By James Barber M.D.
Cosmetic Surgery Expert
Updated: July 03, 2008
Everyone has heard about it lately, many have read articles in national magazines dedicated to it, and several have even been invited to parties bearing its name. Botox (attenuated botulism toxin) is taking America by storm. It seems to be giving everyone that quick fix they are looking for, and the ability to walk into a class reunion or wedding knowing that they look younger.

Over the years, people have tried nearly everything to erase the inevitable aging that comes from sun exposure, skin atrophy, excessive muscle activity, and the loss of elastic fibers. Procedures have ranged from laser resurfacing to fillers such as Collagen, Alloderm, Cosmoplast, and most recently, Artell and Restalyne. But the only way to directly address the hyperactivity of muscles beneath the skin, the real cause of wrinkling, is Botox.

Botox is a safe form of botulism toxin that temporarily paralyzes the muscle it is injected into.
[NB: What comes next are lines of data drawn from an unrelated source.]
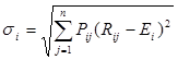 Для измерения риска служат показатели рассеивания, поэтому, чем больше разброс величин возможных доходов, тем больше опасность, что ожидаемый доход не будет получен. Таким образом, риск выражается отклонением (причем более низких!) значений доходов от наиболее вероятного значения. Мерой рассеяния является среднеквадратичное отклонение σi) и, чем больше это значение, тем больше риск:В модели Марковитца для измерения риска вместо среднеквадратичного отклонения используется дисперсия Di, равная квадрату σi, так как этот показатель имеет преимущества по технике расчетов.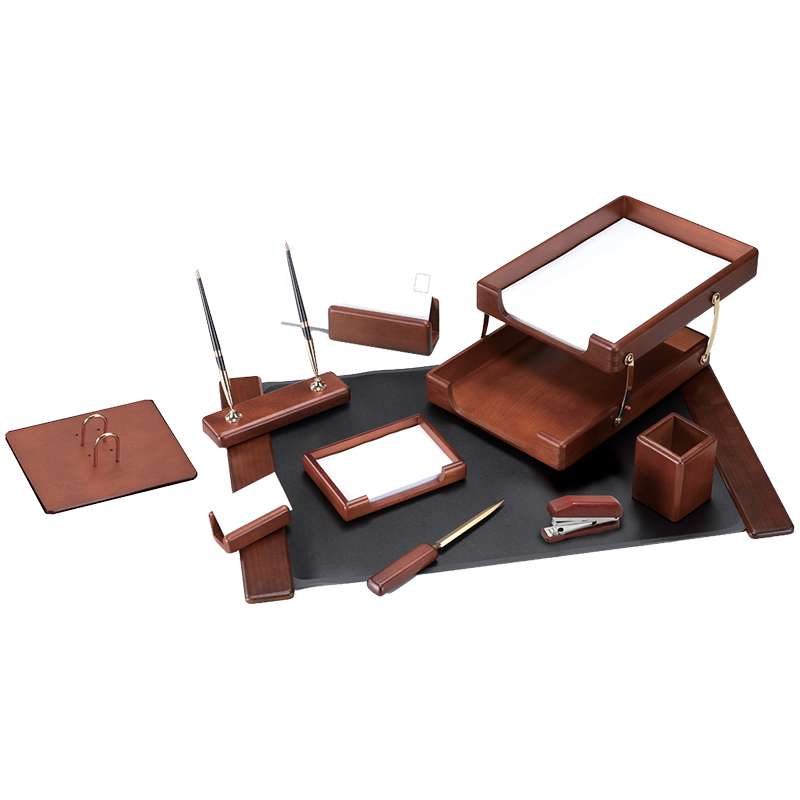 Классический стиль помогает аксессуарам с легкостью вписываться в любой интерьер, дополняя и обогащая его. Набор из натурального дерева придаст завершённый вид рабочему месту любого руководителя или сотрудника. В него входят: подкладка для письма, подставка для ручек, подставка для бумажного блока, подставка для визитных карточек, подставка для конвертов, подставка для карандашей, подставка под календарь, нож для открывания писем, степлер, двухуровневый лоток для бумаг.Набор настольный Delucci 10 предметов, темно-коричневый орех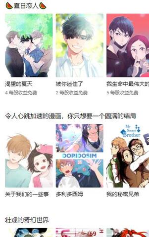 3.非常简洁的界面设计,整个页面上的漫画分类可以非常清楚的查看得到。
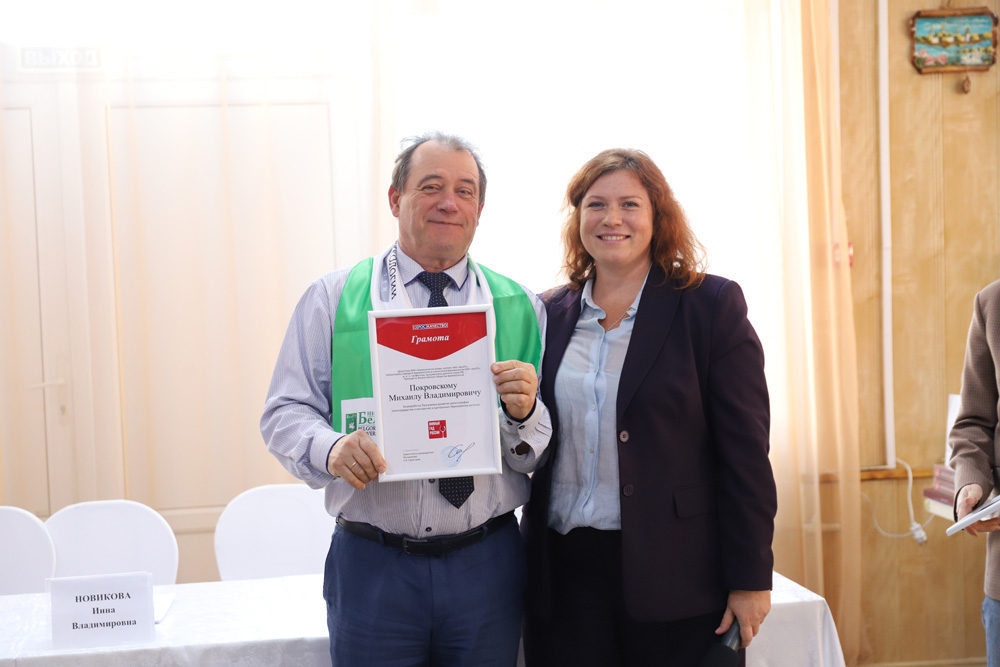 Профессор Покровский также сообщил о том, что в НИУ «БелГУ» путём микроклонирования получили 5000 саженцев неукрывных сортов винограда, и о создании при поддержке программы «Приоритет-2030» БАДа из концентрата ягод красного винограда, способного защищать от оксидативного стресса. Он отдельно отметил, что специалисты вуза проводят генотипирование всех саженцев с выдачей сертификата на каждый сорт, а испытательный участок НИУ «БелГУ» входит в реестр федеральных насаждений. Владимир Михайлович также подчеркнул важность междисциплинарного подхода и развития сотрудничества с вузами и промышленными партнёрами.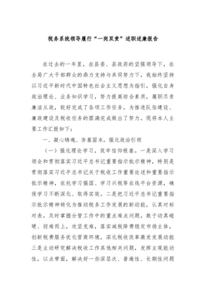/ 【七哥公文】2024年:税务系统领导履行“一岗双责”述职述廉报告+更多免费公文+VX:QiGeGongWen2024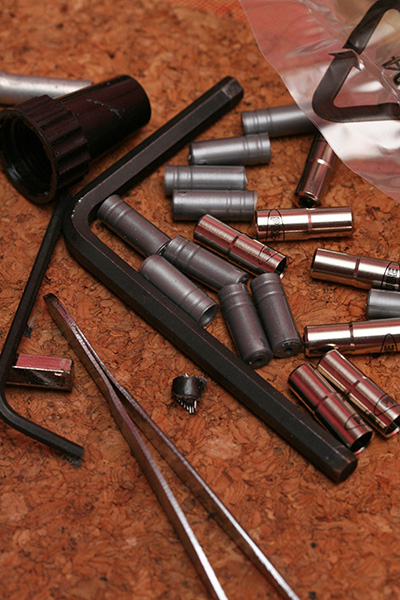 the gear cables i got were part of a kit ($14.99) made by clark's, an english company. they're supposedly pre-lubed and maintenance free, and the guys at the bike store said it'd be the last shifter cables i'd ever buy. it included a lot more parts than i actually used, including 10 plastic ferrules that didn't seem to fit on anything and a piece of thin polyethylene tubing. it didn't come with instructions and i couldn't find any additional info online. i did use the rubber o-rings though, putting them onto the exposed cables (supposedly to protect the bike finish, even though it's a junk bike).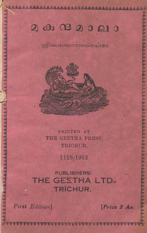 1952- മുകുന്ദമാലാ - കുലശേഖരരാജ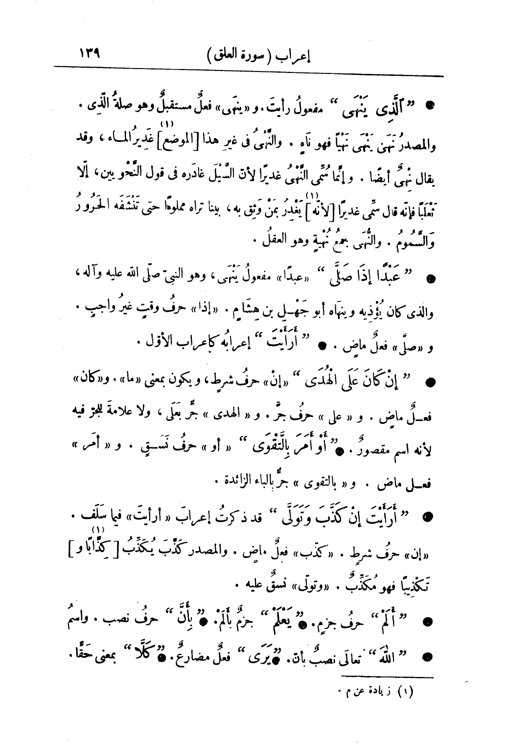 • "عبدا إذا صلى" «عبدًا» مفعول ينهى، وهو النبي صلى الله عليه وآله، والذي كان يؤذيه وينهاه أبو جهل بن هشام. و «إذا» حرف وقت غير واجب. و «صلى» فعل ماض. "أرأيت" إعرابه كإعراب الأول.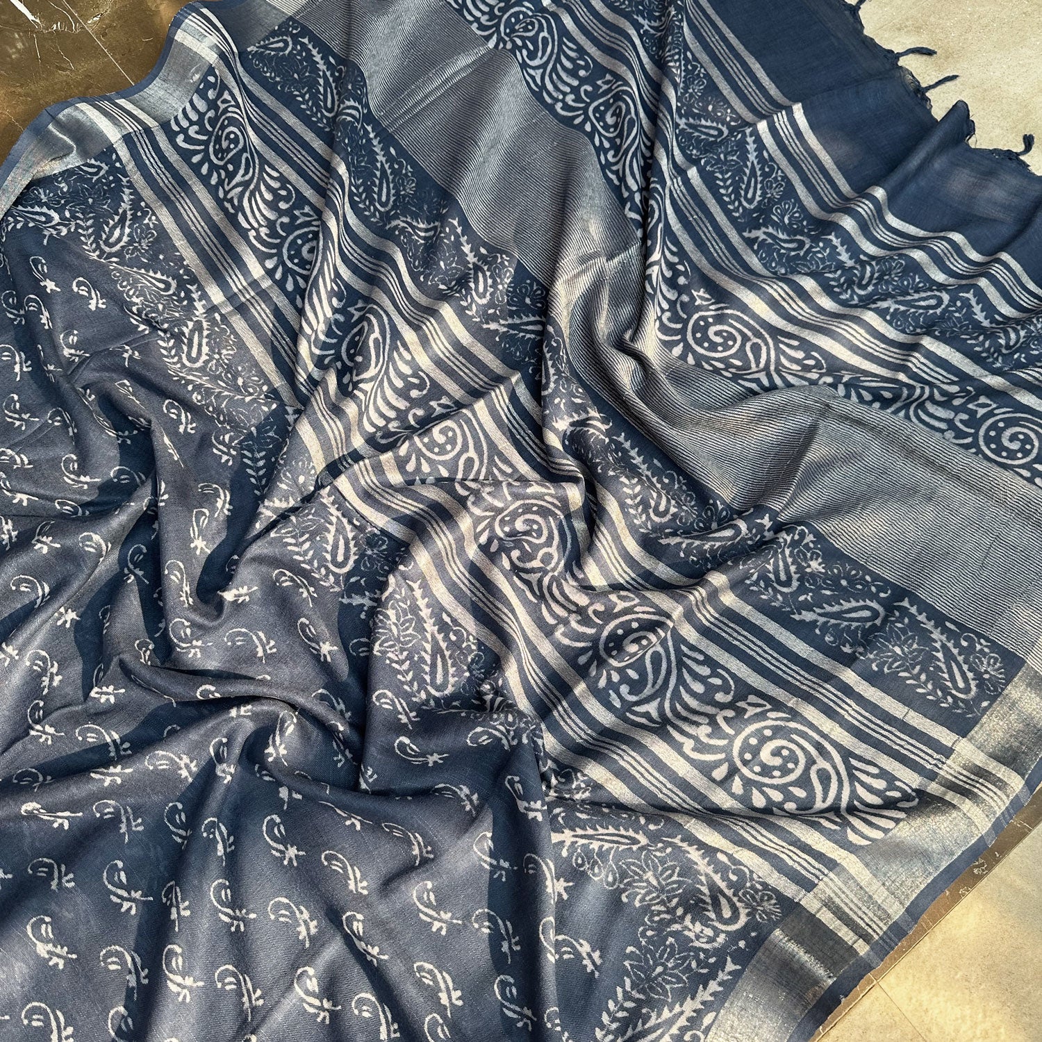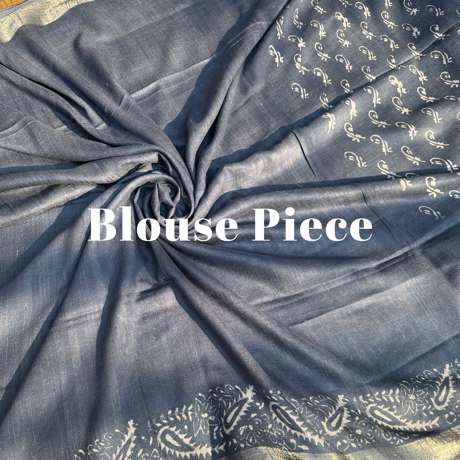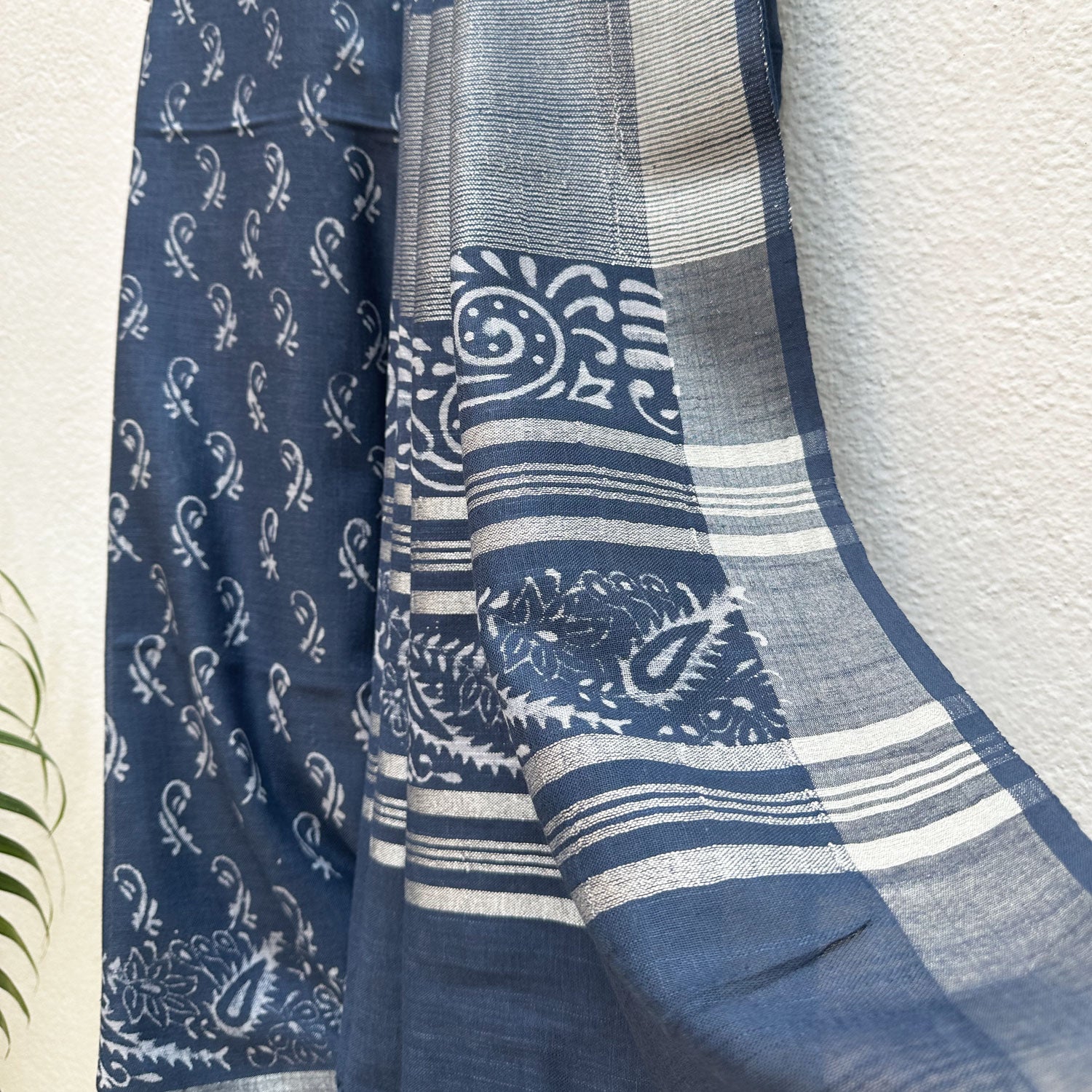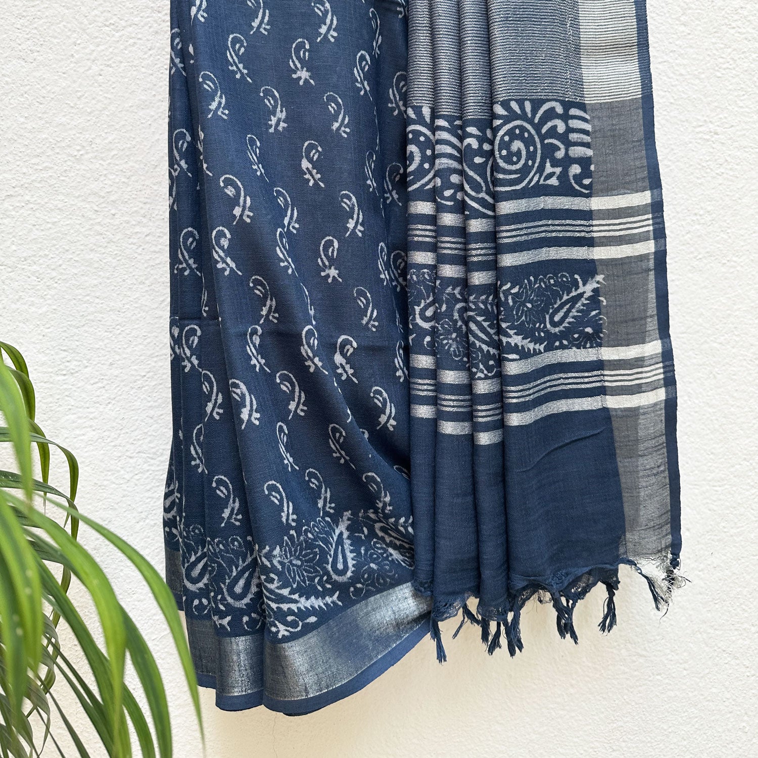 Step into the world of traditional elegance with the Manah Indigo Hand Block Cotton Linen Saree. The stunning floral looking pattern on the indigo base will brighten any dull day. The intricate paisley design on the zari border adds an artistic touch, while the complementary ornamental pattern on the pallu completes the look of luxury. Ready to make a statement? Need we say more?

Most commonly, botox injections are made into the muscles responsible for facial expression. These muscles differ from all our other muscles because they connect bone to skin, rather than bone to bone. This direct connection to the skin causes it to wrinkle every time the muscle is contracted. Years of wrinkling in the same way lead to creases. Botox safely and temporarily interrupts the nerve transmission to the muscle's "end plate", paralyzing the action of the muscle and softening the wrinkles and creases.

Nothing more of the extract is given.